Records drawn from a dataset

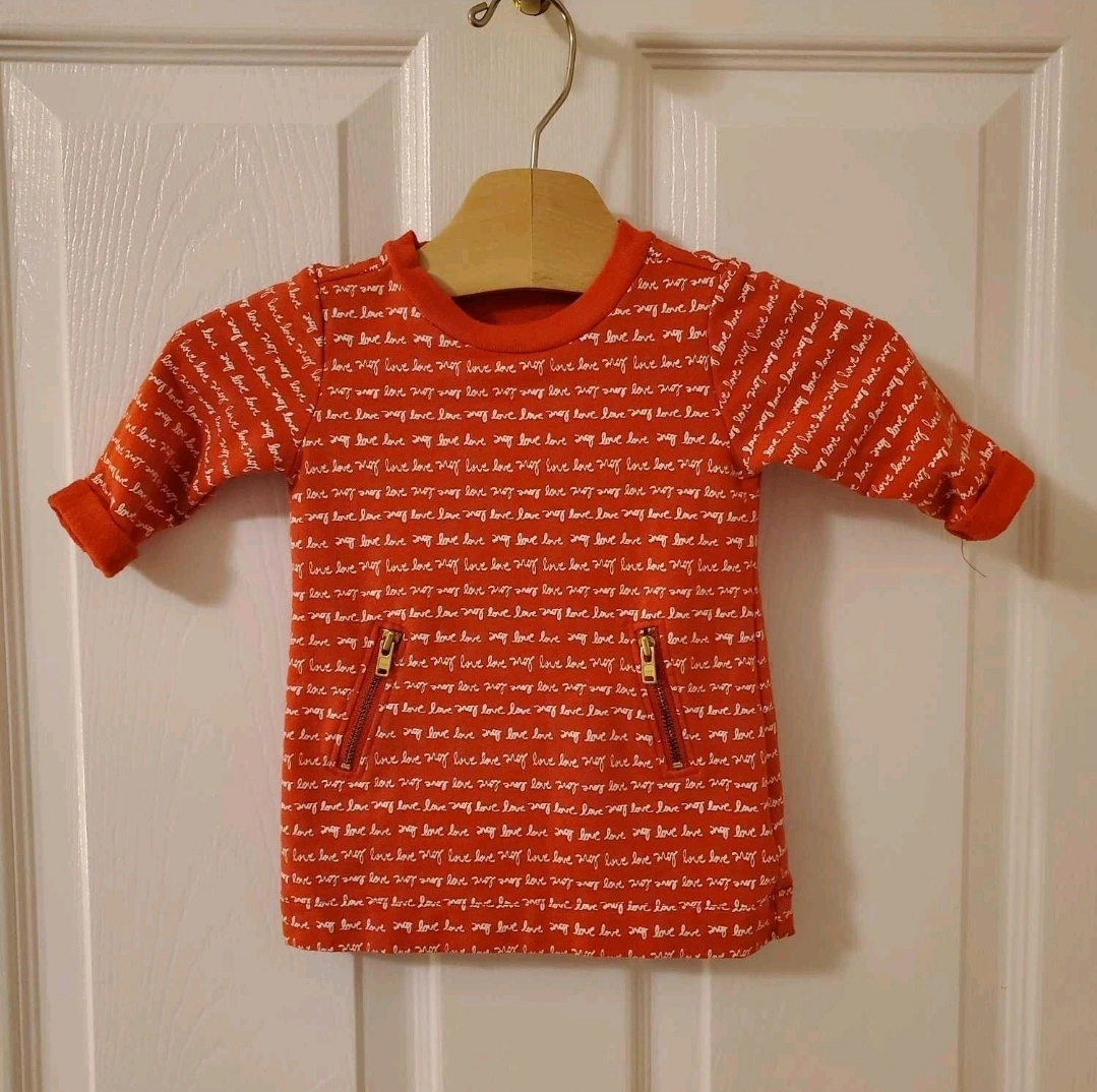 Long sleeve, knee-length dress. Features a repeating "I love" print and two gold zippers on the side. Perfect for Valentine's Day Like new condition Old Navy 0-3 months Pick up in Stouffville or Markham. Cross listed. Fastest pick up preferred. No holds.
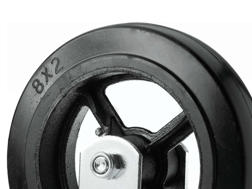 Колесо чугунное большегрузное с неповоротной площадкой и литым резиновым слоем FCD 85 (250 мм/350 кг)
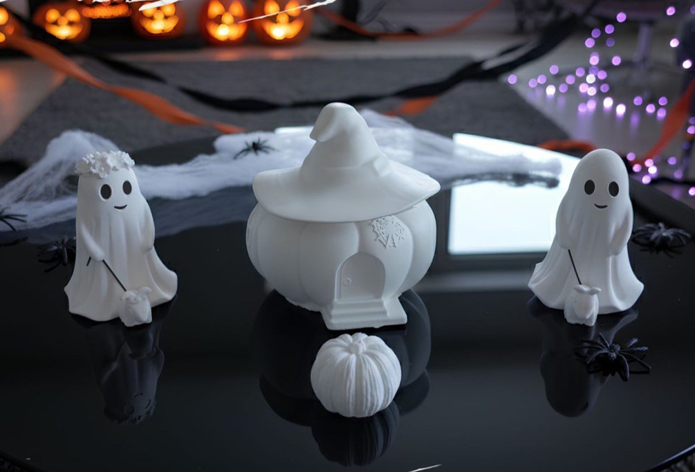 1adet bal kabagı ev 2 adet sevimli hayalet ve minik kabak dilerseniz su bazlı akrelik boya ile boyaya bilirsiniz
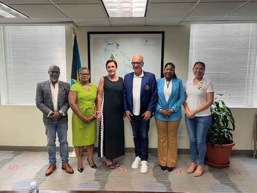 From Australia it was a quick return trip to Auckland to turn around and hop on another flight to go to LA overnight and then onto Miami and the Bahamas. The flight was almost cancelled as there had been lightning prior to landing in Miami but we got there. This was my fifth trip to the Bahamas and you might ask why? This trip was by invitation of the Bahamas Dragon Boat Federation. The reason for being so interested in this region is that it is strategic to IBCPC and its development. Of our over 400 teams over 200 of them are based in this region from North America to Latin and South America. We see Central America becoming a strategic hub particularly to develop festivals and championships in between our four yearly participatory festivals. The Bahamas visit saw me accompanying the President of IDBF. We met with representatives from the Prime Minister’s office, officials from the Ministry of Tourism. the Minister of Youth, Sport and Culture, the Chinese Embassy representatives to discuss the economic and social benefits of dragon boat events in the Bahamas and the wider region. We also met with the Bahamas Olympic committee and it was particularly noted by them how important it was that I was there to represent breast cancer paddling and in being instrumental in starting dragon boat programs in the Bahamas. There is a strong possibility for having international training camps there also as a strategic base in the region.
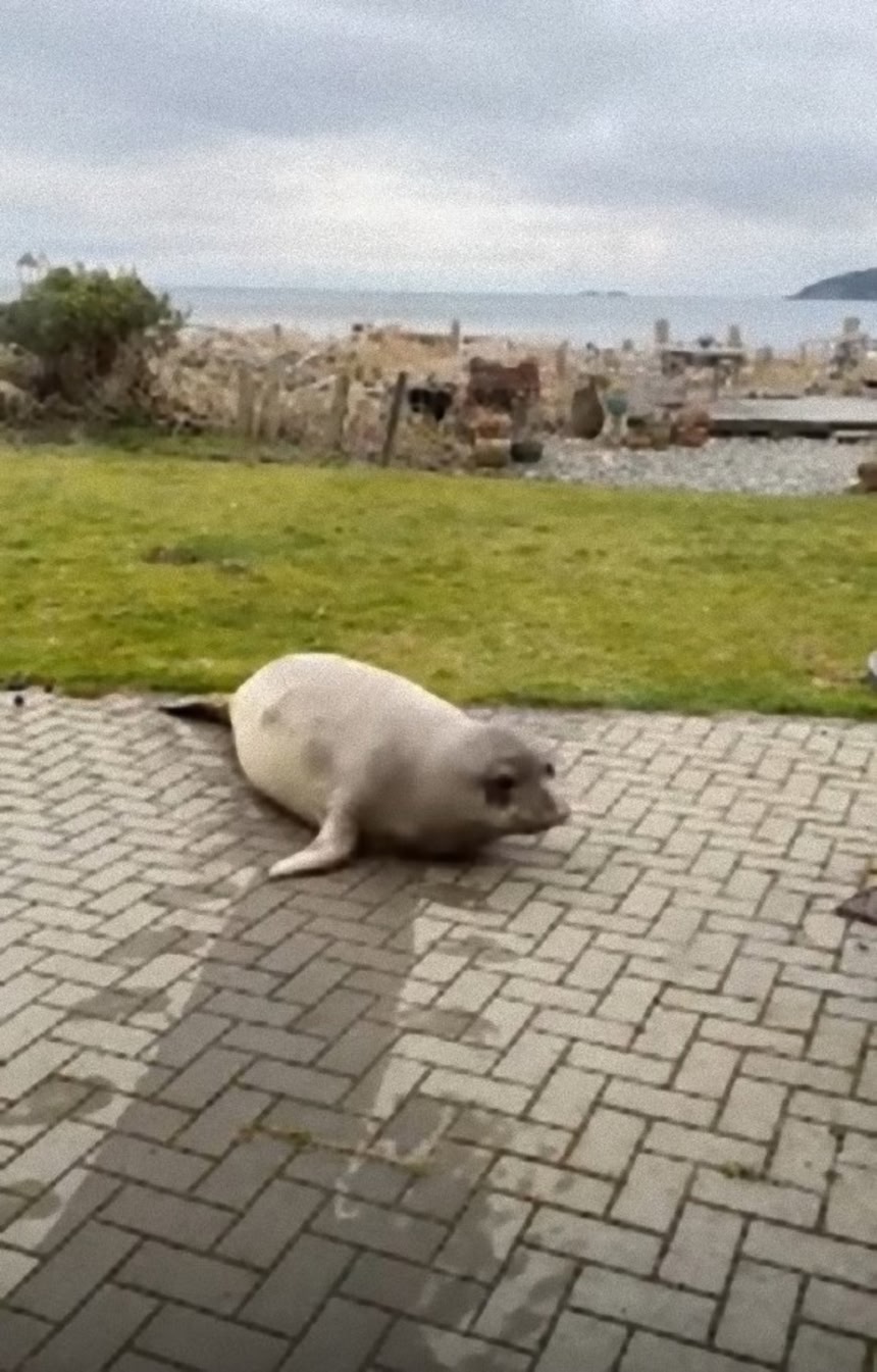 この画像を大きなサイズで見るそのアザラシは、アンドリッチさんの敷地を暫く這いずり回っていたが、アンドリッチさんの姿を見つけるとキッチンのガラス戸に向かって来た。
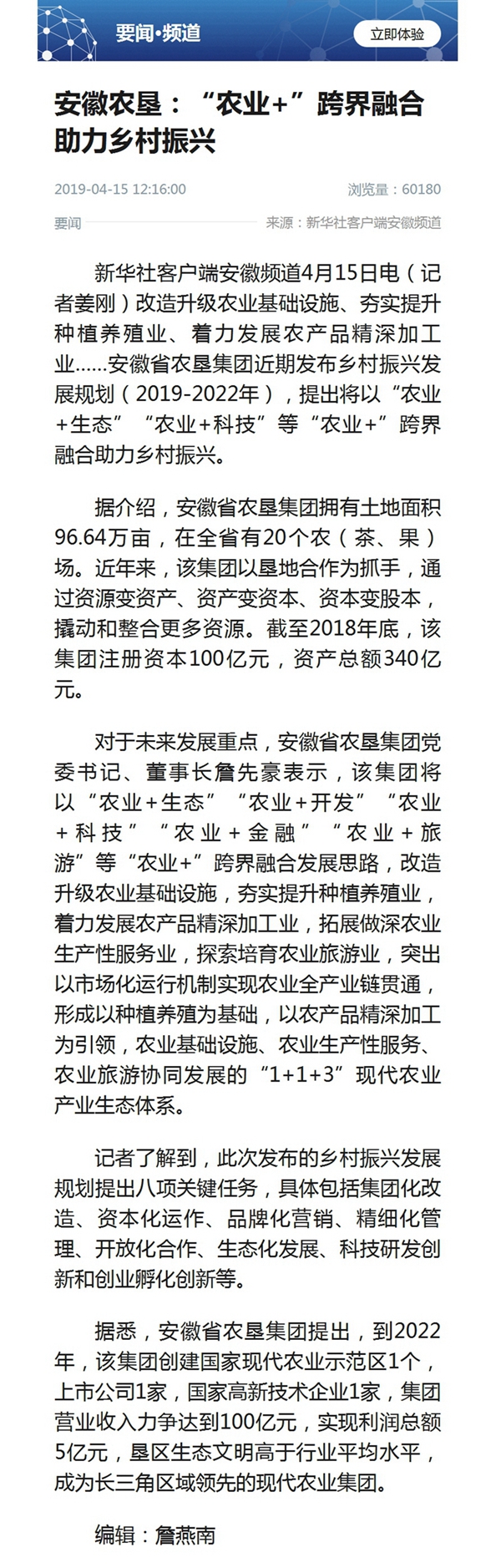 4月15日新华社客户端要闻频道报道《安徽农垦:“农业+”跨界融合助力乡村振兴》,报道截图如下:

» WHAT IS BEING ASKED: The answer must be the lines from the first one in the records through the line containing "1adet bal kabagı", copied exactly, with no pictures.

» SOLUTION:
 Long sleeve, knee-length dress. Features a repeating "I love" print and two gold zippers on the side. Perfect for Valentine's Day Like new condition Old Navy 0-3 months Pick up in Stouffville or Markham. Cross listed. Fastest pick up preferred. No holds.
 Колесо чугунное большегрузное с неповоротной площадкой и литым резиновым слоем FCD 85 (250 мм/350 кг)
 1adet bal kabagı ev 2 adet sevimli hayalet ve minik kabak dilerseniz su bazlı akrelik boya ile boyaya bilirsiniz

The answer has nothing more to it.